Presidential candidate Emmanuel Macron listens as he visits the Entrepreneurs Fair in Paris, Thursday, Feb. 2, 2017. With French President Francois Hollande having abandoned hopes of a second five-year term and conservative candidate Francois Fillon weakened, National Front leader Marine Le Pen and independent maverick candidate Macron are making hay. (AP Photo/Francois Mori)
Presidential candidate Emmanuel Macron listens as he visits the Entrepreneurs Fair in Paris, Thursday, Feb. 2, 2017. With French President Francois Hollande having abandoned hopes of a second five-year term and conservative candidate Francois Fillon weakened, National Front leader Marine Le Pen and independent maverick candidate Macron are making hay. (AP Photo/Francois Mori) Credit: Francois Mori

PARIS — French conservative Francois Fillon suffered new setbacks Thursday to his presidential candidacy, with prosecutors expanding an embezzlement probe into his wife’s paid political job to include two of their children.

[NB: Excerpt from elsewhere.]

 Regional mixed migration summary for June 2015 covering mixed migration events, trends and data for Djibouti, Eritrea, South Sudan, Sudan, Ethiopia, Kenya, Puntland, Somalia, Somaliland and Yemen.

An old interview, meanwhile, is coming back to haunt his wife, Penelope.

French national financial prosecutors have been investigating Penelope Fillon’s work as a parliamentary aide to her husband, seeking to determine whether there are grounds to suspect embezzlement and misappropriation of public funds. The Canard Enchaine weekly reported Wednesday that she made 830,000 euros ($900,000) over 15 years.

A person close to the investigation told The Associated Press on Thursday that prosecutors have extended the probe to also cover the couple’s daughter, Marie, and son, Charles. The person spoke to the AP on condition of anonymity, because they were barred from discussing the investigation publicly.

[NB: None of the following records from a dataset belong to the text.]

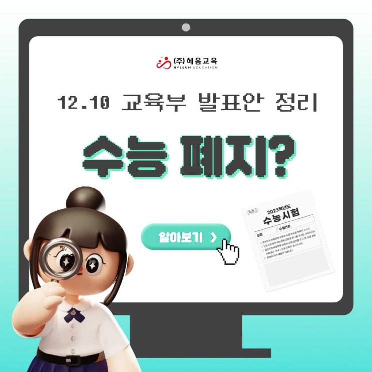 “정답을 고르는 시대에서, 생각을 쓰는 시대로” 안녕하세요, 혜음교육 EiE입니다 지난 12월 10일, 교육부에서 발표한 미래형 대입제도 개편안이 많은 주목을 받았습니다. 이번 발표는 단순한 시험 방식의 변화가 아니라, 우리 아이들이 앞으로 어떤 능력을 갖춰야 하는지를 명확히 보여주는 교육 방향성의 전환이라 할 수 있습니다. "2040학년도 수능 폐지"…정근식 "현 5학년부터 수능 절대평가, 서·논술형 도입" - 아시아경제 변화 1. 2028학년도부터 적용 (현재 고1, 2009년생) 수능 비중 축소 + 정성평가 강화 주요 대학의 정시 선발 비율을 줄이고 수능 위주 선발 기준을 폐지하는 방향 이는 점수 중....... <img src="https://blogthumb.pstatic.net/MjAyNTEyMTRfMTU1/MDAxNzY1NzE5NjA3MTI3.-sT9FNpyDYnFE5EBo0mABk2bwUKt8qHdM3EXjkJ2ZkQg.5znK19zaar1ax4lJxSMDJZMeIgFwIFKZNASWmeFIsgsg.JPEG/%C1%A6%B8%F1%C0%BB_%C0%D4%B7%C2%C7%D8%C1%D6%BC%BC%BF%E4..jpg?type=s3" />
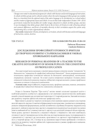 - Шелестова, Л.В. (orcid.org/0000-0002-6057-8070) (2018) Research of personal readiness of a teacher to the creative development of senior pupils in the conditions of profile education Педагогічна освіта: теорія і практика, 1 (25). pp. 204-210. ISSN 2309-9763
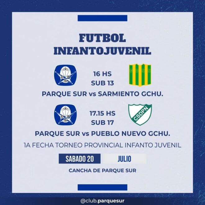 16: Cancha de Parque Sur (Jordana y Defensa Sur). Fútbol infanto jevenil.(Info desarrollada en el siguiente flyer).
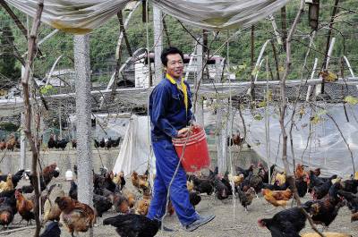 11月25日来凤县大河镇满店村村民曾山林正在葡萄架下给土鸡喂食。

Allegations that Fillon’s family used his political connections to enrich themselves with cushy parliamentary jobs have been particularly damaging for the former prime minister’s image as an upstanding Catholic family man and country gentleman untainted by the long history of sleaze in French politics. The contrast between Fillon’s words and his supposed actions sting because he has promised to slash public sector jobs and make the French work harder and longer.

His nose-diving prospects of winning France’s two-round presidential election in April and May have thrown open the race that had been expected to be between him and the far-right National Front leader Marine Le Pen.

The Canard Enchaine reported that Fillon hired his children as parliamentary aides when he was a French senator from 2005-2007, and they earned 84,000 euros ($91,000) in total.

Fillon has confirmed that he paid two of his children, “who were lawyers,” for “specific assignments” when he was a senator. However, Marie and Charles still were in law school when they worked for their father, French media have reported. According to Le Canard Enchaine, they drew paychecks not for assignments but for two full-time jobs.

Marie and Charles Fillon did not respond to emails and telephone messages from the AP.

French politicians are allowed to hire family members as aides as long as they actually do the jobs for which they are paid. Fillon insists that Penelope’s work for him was genuine.

But France Televisions said it would screen extracts Thursday evening from an interview with Penelope Fillon in 2007, when her husband was prime minister, in which said she had never worked as his assistant. That appears to contradict the couple’s defense in recent days that she was legitimately employed.

Her lawyer, Pierre Cornut-Gentille, said Penelope’s words were being taken out of context.

Fillon and his wife were separately questioned by investigators for five hours on Monday and her lawyer said Penelope provided investigators with evidence that her work for her husband was genuine.

Prosecutors are working quickly, not wanting their work to overshadow the likely heated final weeks of the French campaign before the first-round polling on April 23. That gives them until mid-March to gather sufficient evidence to warrant either forwarding the dossier to an investigating magistrate or deciding to dismiss the case. Fillon is urging prosecutors to proceed quickly.

With Fillon weakened and the catastrophically unpopular Socialist President Francois Hollande having abandoned hopes of running for a second five-year term, far-right leader Le Pen and independent maverick Emmanuel Macron are making hay.